**Supplied data:**
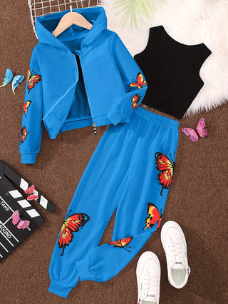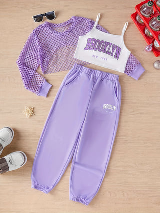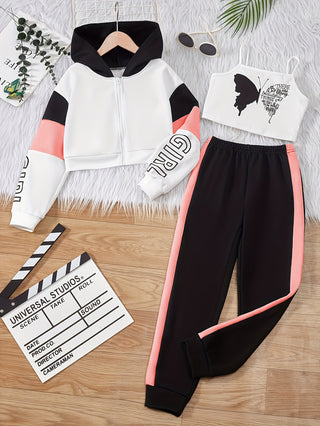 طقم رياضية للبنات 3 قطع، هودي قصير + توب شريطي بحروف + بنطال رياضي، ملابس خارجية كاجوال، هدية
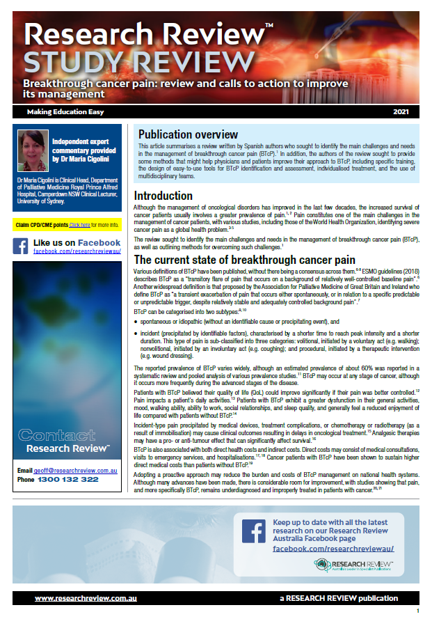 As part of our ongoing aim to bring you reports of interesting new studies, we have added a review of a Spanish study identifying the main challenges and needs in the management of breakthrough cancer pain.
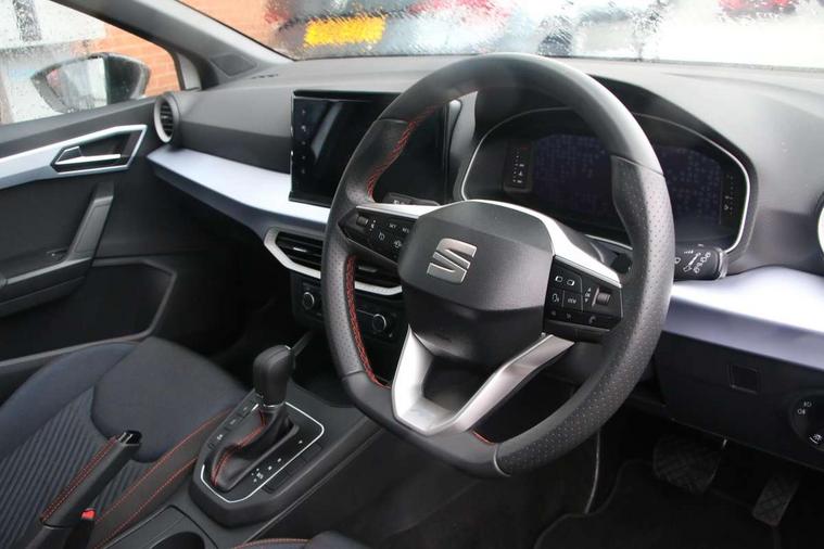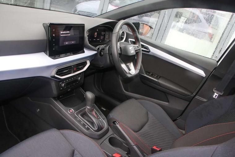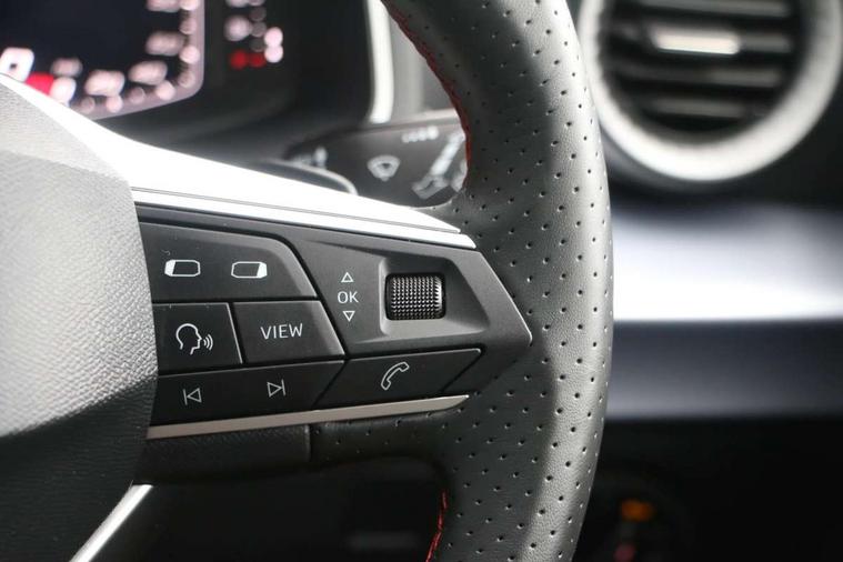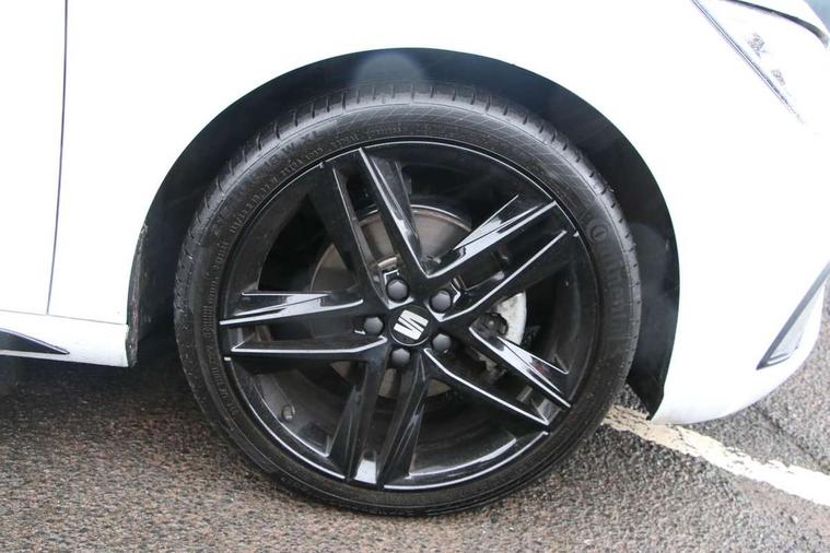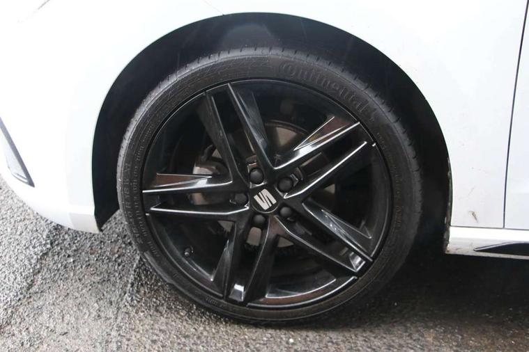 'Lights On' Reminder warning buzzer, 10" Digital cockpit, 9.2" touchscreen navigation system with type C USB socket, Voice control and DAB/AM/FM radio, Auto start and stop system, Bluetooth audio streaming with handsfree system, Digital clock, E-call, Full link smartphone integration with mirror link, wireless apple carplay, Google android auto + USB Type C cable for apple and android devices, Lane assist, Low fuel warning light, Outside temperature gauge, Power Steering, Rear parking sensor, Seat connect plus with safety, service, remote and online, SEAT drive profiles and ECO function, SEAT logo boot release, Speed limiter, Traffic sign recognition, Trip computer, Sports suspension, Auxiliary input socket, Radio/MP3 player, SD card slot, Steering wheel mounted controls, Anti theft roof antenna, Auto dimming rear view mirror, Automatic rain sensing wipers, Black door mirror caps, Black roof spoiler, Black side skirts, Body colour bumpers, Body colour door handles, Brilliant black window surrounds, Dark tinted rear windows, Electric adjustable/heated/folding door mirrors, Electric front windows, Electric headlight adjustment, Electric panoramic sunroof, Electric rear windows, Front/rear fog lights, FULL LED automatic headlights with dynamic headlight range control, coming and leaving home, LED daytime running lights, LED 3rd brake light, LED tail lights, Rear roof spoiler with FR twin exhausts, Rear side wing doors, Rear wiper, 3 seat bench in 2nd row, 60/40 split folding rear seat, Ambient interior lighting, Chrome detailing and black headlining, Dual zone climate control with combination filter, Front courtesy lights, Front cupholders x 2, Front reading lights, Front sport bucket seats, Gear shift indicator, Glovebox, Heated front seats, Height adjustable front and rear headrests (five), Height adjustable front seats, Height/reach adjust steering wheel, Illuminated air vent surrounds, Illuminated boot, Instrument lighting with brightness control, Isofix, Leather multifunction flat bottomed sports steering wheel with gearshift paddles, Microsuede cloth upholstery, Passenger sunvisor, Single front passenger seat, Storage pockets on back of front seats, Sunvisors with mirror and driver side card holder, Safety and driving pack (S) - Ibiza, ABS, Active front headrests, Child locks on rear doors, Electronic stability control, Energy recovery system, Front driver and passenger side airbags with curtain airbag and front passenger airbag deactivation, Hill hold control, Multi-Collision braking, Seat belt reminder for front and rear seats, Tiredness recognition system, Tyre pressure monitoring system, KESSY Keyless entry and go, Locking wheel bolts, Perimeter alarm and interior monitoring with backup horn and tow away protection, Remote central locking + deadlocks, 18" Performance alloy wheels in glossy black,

**Problem details:** Please give back exactly, and with no pictures, the lines from where the listing above begins through the line containing "As part of our".

**Solution to the problem:**
 طقم رياضية للبنات 3 قطع، هودي قصير + توب شريطي بحروف + بنطال رياضي، ملابس خارجية كاجوال، هدية
 As part of our ongoing aim to bring you reports of interesting new studies, we have added a review of a Spanish study identifying the main challenges and needs in the management of breakthrough cancer pain.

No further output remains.